Notice a pattern here? Yes, except at the very beginning, I have had a healthy dose of strongly typed languages. Even when working with SQL, I tend to use the available language features or extensions to be as strongly typed and structured as I can. This habit came from working on "large" Pascal and C projects, where I noticed that beyond 100K LOC, it was becoming more and more difficult to introduce code changes without breaking something else. I learned to love the C compiler warnings. I learned to obey the rules, because each time I tried to jump over them, with very few exceptions, I ended up burning myself.
I have to agree that for absolute beginners, strong typing and rigid program structures impose a lot of overhead that obscures the essentials of what is going on when you execute your program. In other words, teaching programming should not begin with a strongly typed language. Teaching programming should not require you to declare main() correctly, or linking with the right runtime, or import or include anything. All those things are accidental complexities in the process of writing a computer program and, while necessary for some environments, don't contribute anything for you to learn about variables, control flow or states.
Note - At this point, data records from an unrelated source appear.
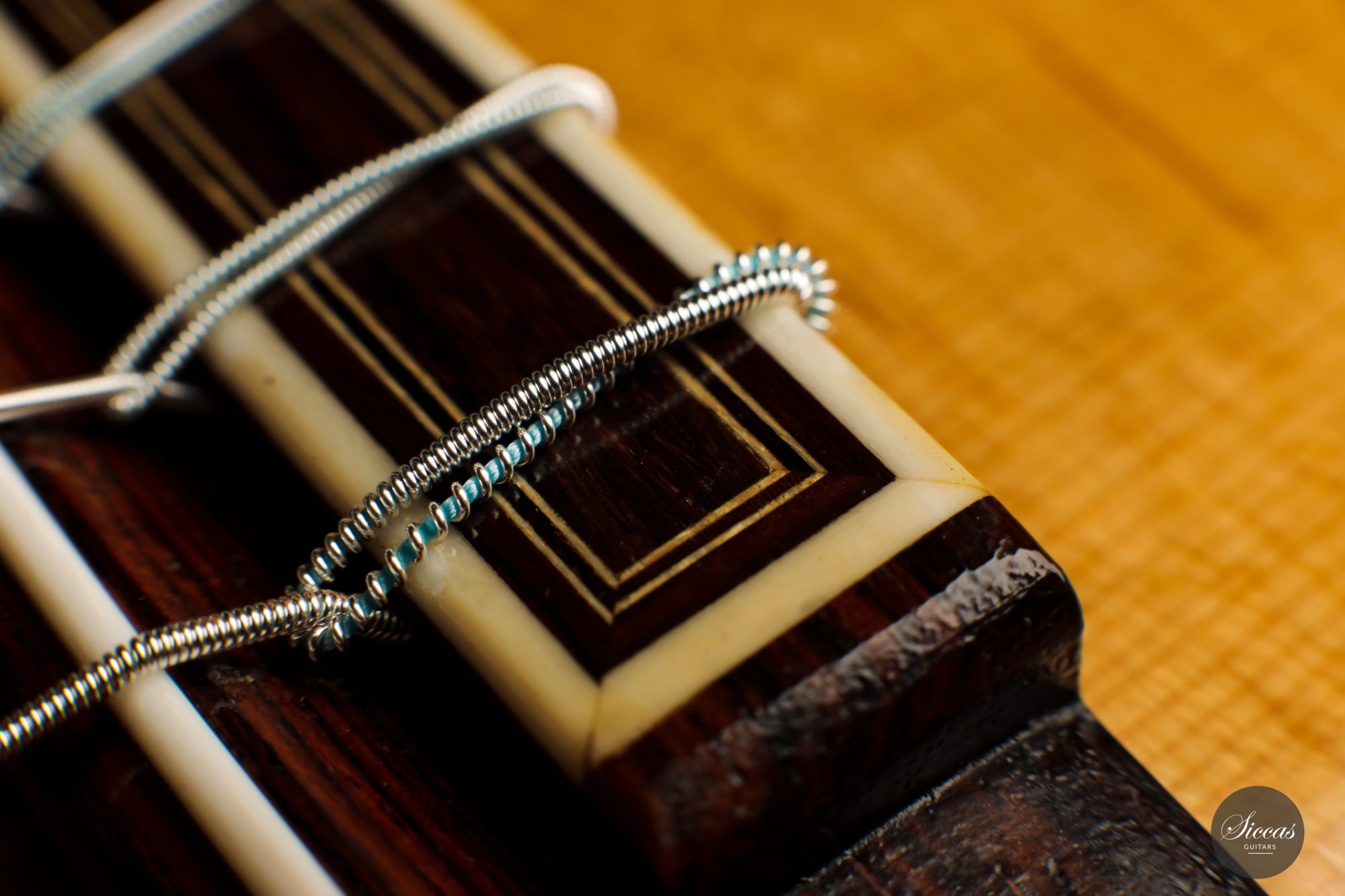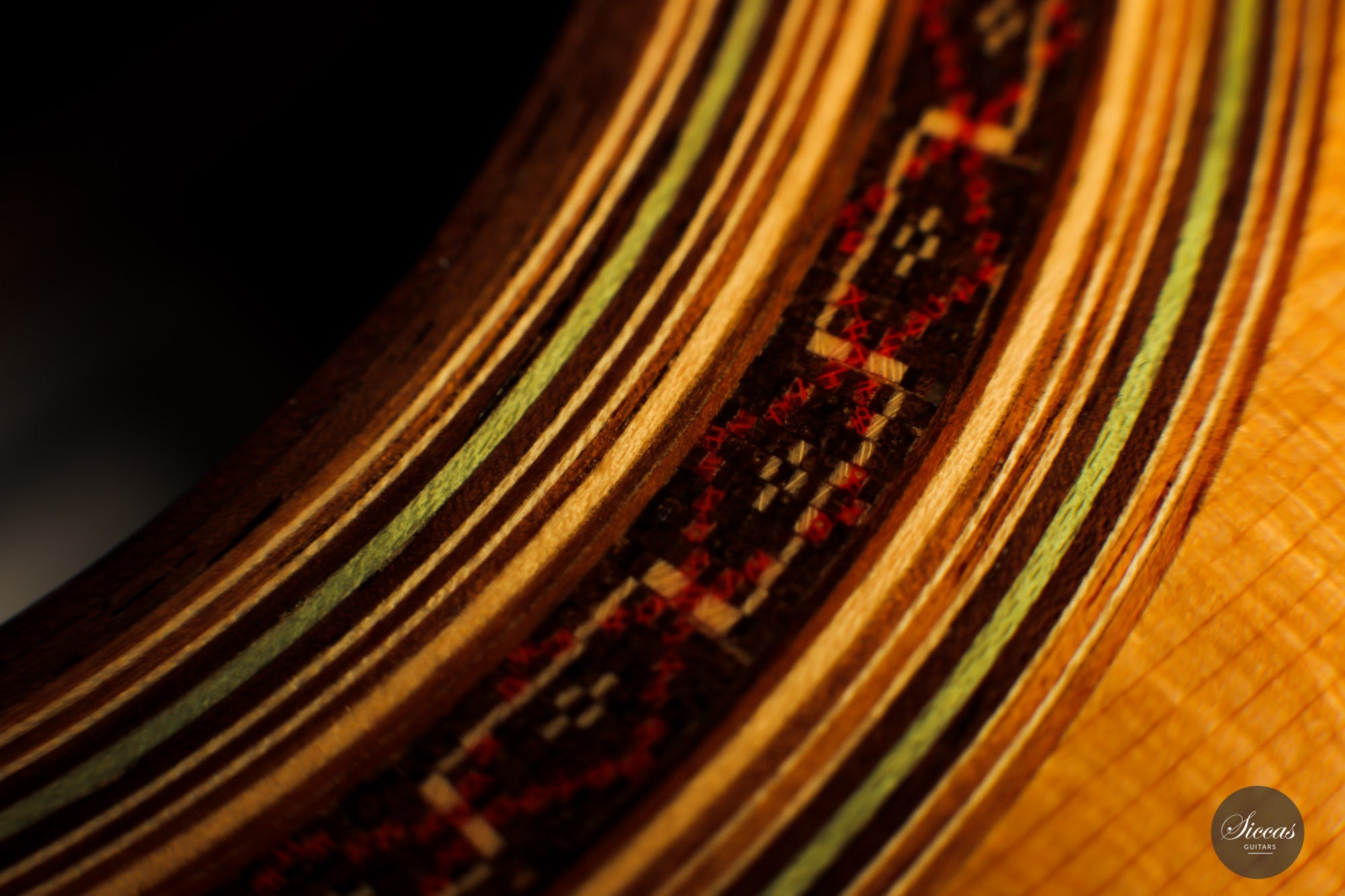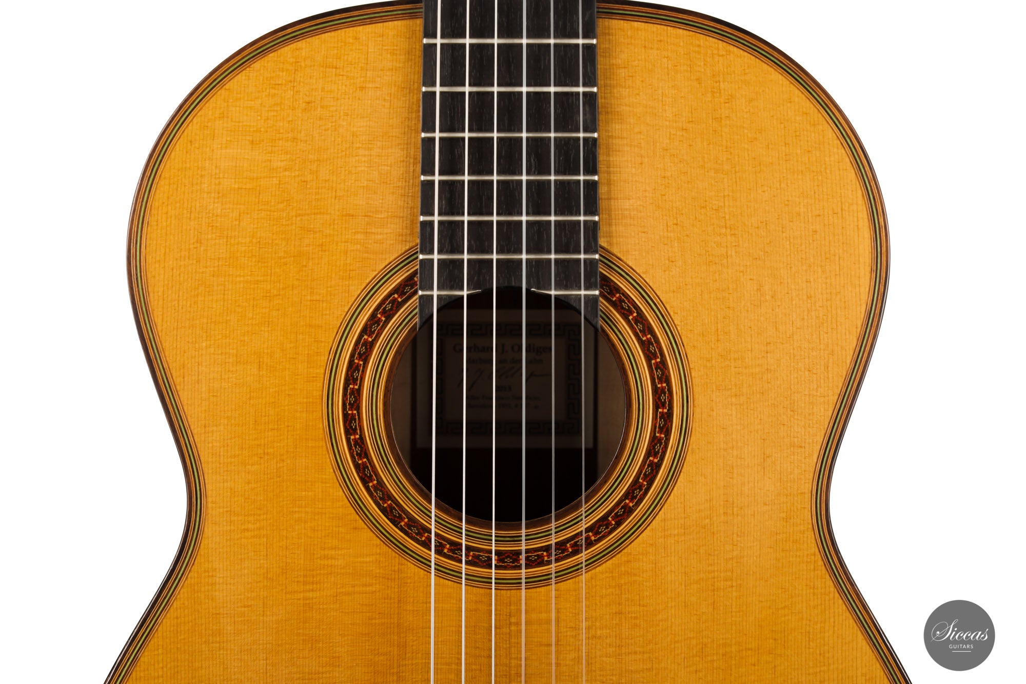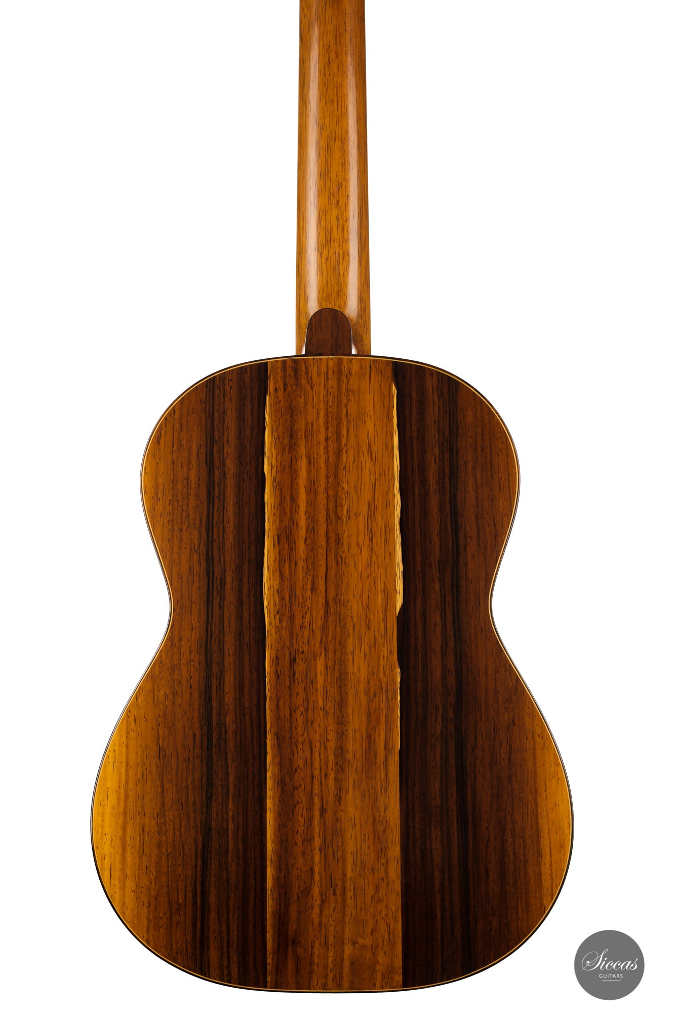 What a wonderful instrument inspired by one of the very last guitars made by the great luthier Francisco Simplicio (1874-1932) from Barcelona. Many details of the appearance and construction of the 1931 Francisco Simplicio guitar, bearing the number 327, have been faithfully reproduced, while Gérhard Oldiges also took the liberty of adding his own personal touch. The three-piece back made of the finest Brazilian rosewood is simply outstanding and presents an unmistakable color pattern. The soundboard, made of torrefied spruce, has furthermore developed a gorgeous honey color. Torrefaction reproduces the dryness and thus the response of a wood that has been dried for decades, offering a special response and excellent tone. Last but not least, this instrument is in perfect condition and is fitted with high-end Scheller tuning machines that have been intricately engraved by hand in Germany.
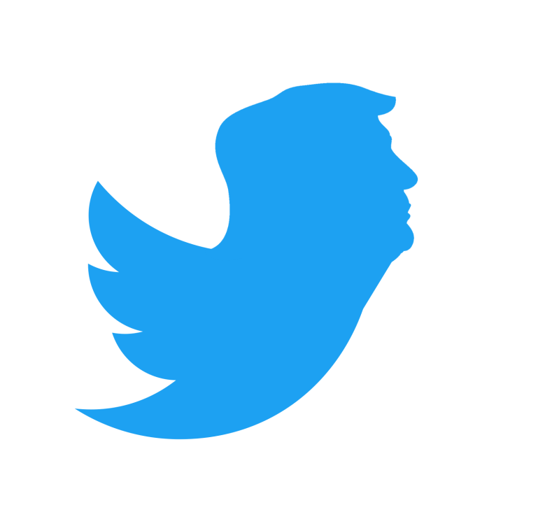 This features a blue bird with a face, resembling the president of the United States, Donald Trump. This unique design is likely meant to represent Twitter and its association with the president. The bird's head is prominently displayed in the center of the image, while its body extends outwards towards the edges. The overall appearance gives off a sense of humor and creativity, as it combines the iconic symbol of Twitter with the recognizable face of Donald Trump.
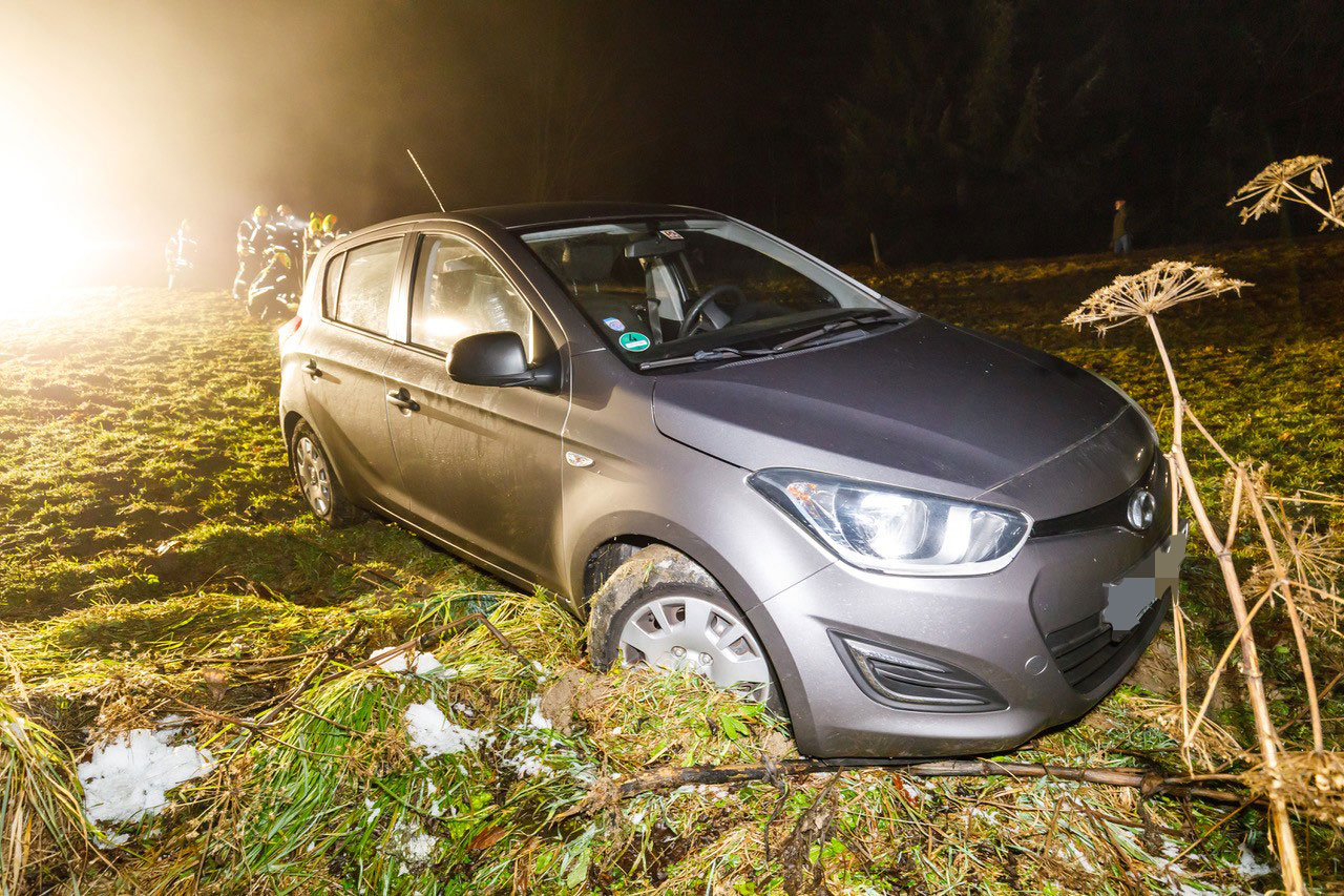 Der Wagen blieb nach dem Abrutschen vor einem Waldstück stehen – glücklicherweise ohne Schaden.
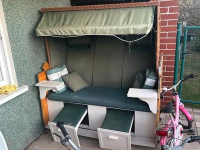 Verschenken unseren Strand Korb. Mit bisschen Liebe sieht er wieder gut aus. Maße breit 1,50 höhe 1,70 und tief 90 am besten mit Anhänger !! Vorfahren einladen entspannen ! ist auf Rollen Einfahrt runter rollen ganz easy
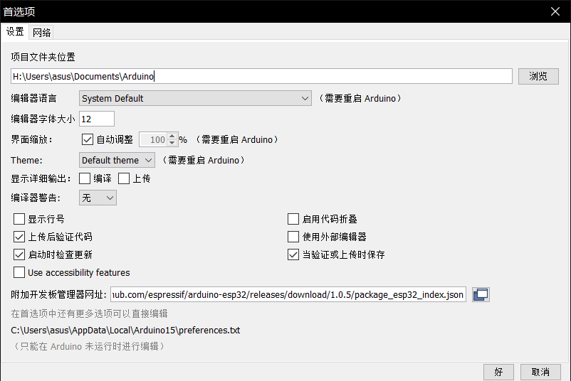 会出现一个对话框,在附加开发板管理器中添加 https://www.arduino.cn/package_esp32_index.json :
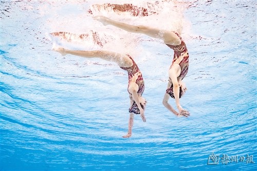 这对双胞胎姐妹9日在演绎《莲》时,在泳衣和头饰设计中融入莲叶图案,动作灵动妩媚,在婉转悠扬的中国风音乐衬托下,生动演绎了中国国画美学,毫无争议地获得全场最高分276.7867分,领先第二名奥地利组合9.5334分,为10日夺冠奠定了基础。
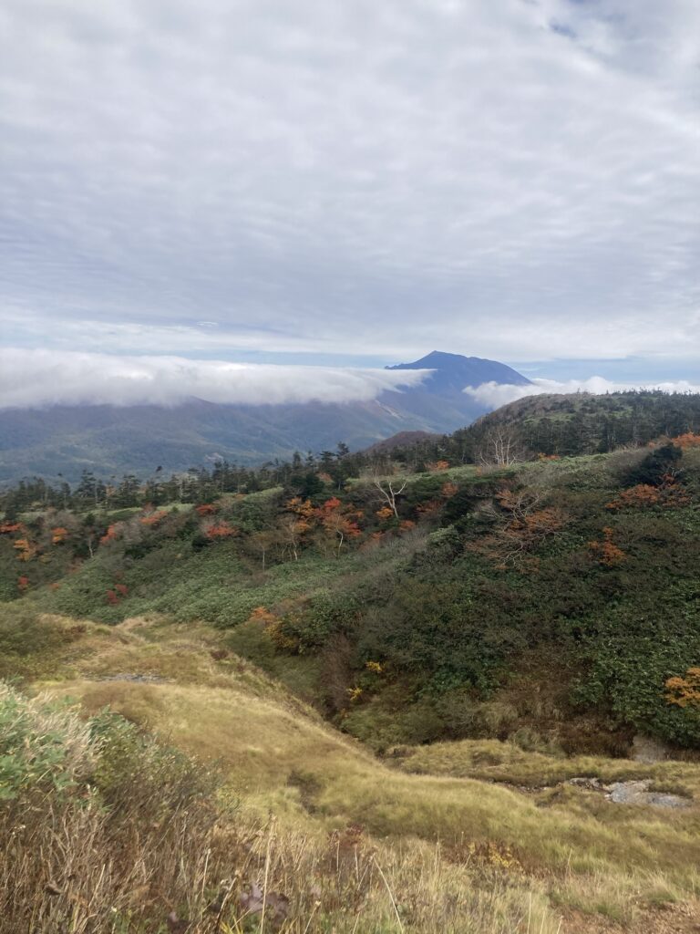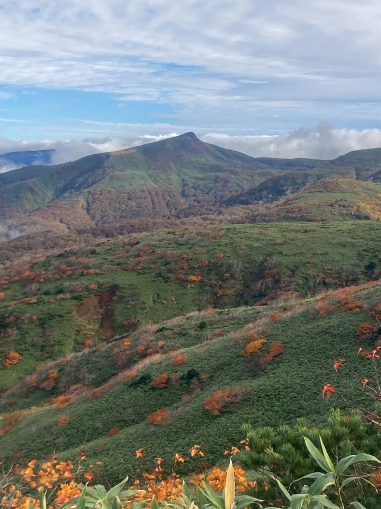 曇りとは言え、目の前にはやはり東北の美しい紅葉が広がります。関西の山とはずいぶん様子が違います。樹林帯ではなく、腰位の高さまでの笹に覆われているため、いつもよりも目線が低くなります。
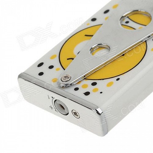 6127 Stylish Smile Face Pattern Butane Jet Lighters Shock Tricky Toy - White + Yellow + Silver
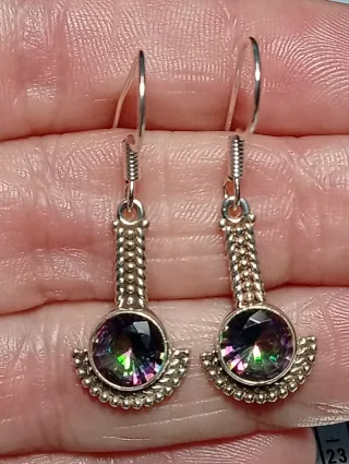 Elegantes pendientes de plata de ley con un diseño único. - Elaborados en plata de ley. - Cuentan con una piedra central de tonos multicolor. - Cierre de anzuelo seguro y cómodo.
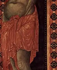The saints are painted with bright coloured hues, with gold highlights along the lines of their clothes (this gilding is absent in the more austere Santa Croce panels).[5]

As with any kind of learning, learning to program has its stages. Transition from one stage to another is sometimes difficult, but is part of the learning process. Discovering and thinking in structured terms is a revolution for the line numbered BASIC programmer, of the same calibre than the one that happens inside the mind of the programmer when he or she is capable of thinking in terms of objects or starts thinking in declarative terms. Like the practitioners of other arts or crafts, the good programmer wants and needs to know all the rules and techniques, why they are there and when and why and when is actually good to disobey them. There's no single answer for all questions, and each problem is best suited to a tool. To stop treating everything as a nail, one needs to know how to use something else than a hammer.
Typeless languages are not intrinsically bad. Quite the opposite, they are a killer solution in many situations. And there are even middle of the road solutions such as Python duck typing (does not enforce you to use types but forces you to be disciplined) with which I feel comfortable enough with. Scripting languages are great for short, quick programs.
But as the learning experts say, there comes a point in your journey where you think you know enough, but really you don't know what you don't know. Unfortunately, there are people out there that never pass this stage and keep their whole life growing the monster, believing that they are actually doing the right thing. Some of them eventually realize that there is a better way, some other will never ever progress beyond that.
True, there is people that say that as long as you have your set of test cases covering all the code, it is not that relevant whether your language is type safe or not, and in fact they argument that strongly typed languages are more verbose and limiting. To which I say, yes, anyone with enough experience and discipline to have everything covered by test cases is well past the learning point of typed vs. typeless. That's someone that knows when and why rules can be broken. The rest will hear only the last part of the sentence and continue feeding the monster, hoping to have some time in the future to build these all-covering test cases.
All this reflection is because I am here, facing a 3000 line monster VBScript program. It has 20 lines at the beginning declaring global variables, of course more than one variable in each declaration. Not a single data type. It is not even indented, and comments are scarce. Yet is a key piece in a high value process, and no one is quite sure of what it does. Sigh.
Oh, of course, you can also write your 3000 lines enclosed in a begin/end block in Pascal too. Nothing stops you doing that. But your fellow Pascal practitioners will point their fingers and shame you. Because they already know that's not good practice. Because they know it will bite back. Because they know that you will regret it in the future. Fellow VBScripters? Most of them will say "it works, so what". The ones that don't say that are writing in VBScript because they know it is the best tool for that particular job, not because they don't know anything else.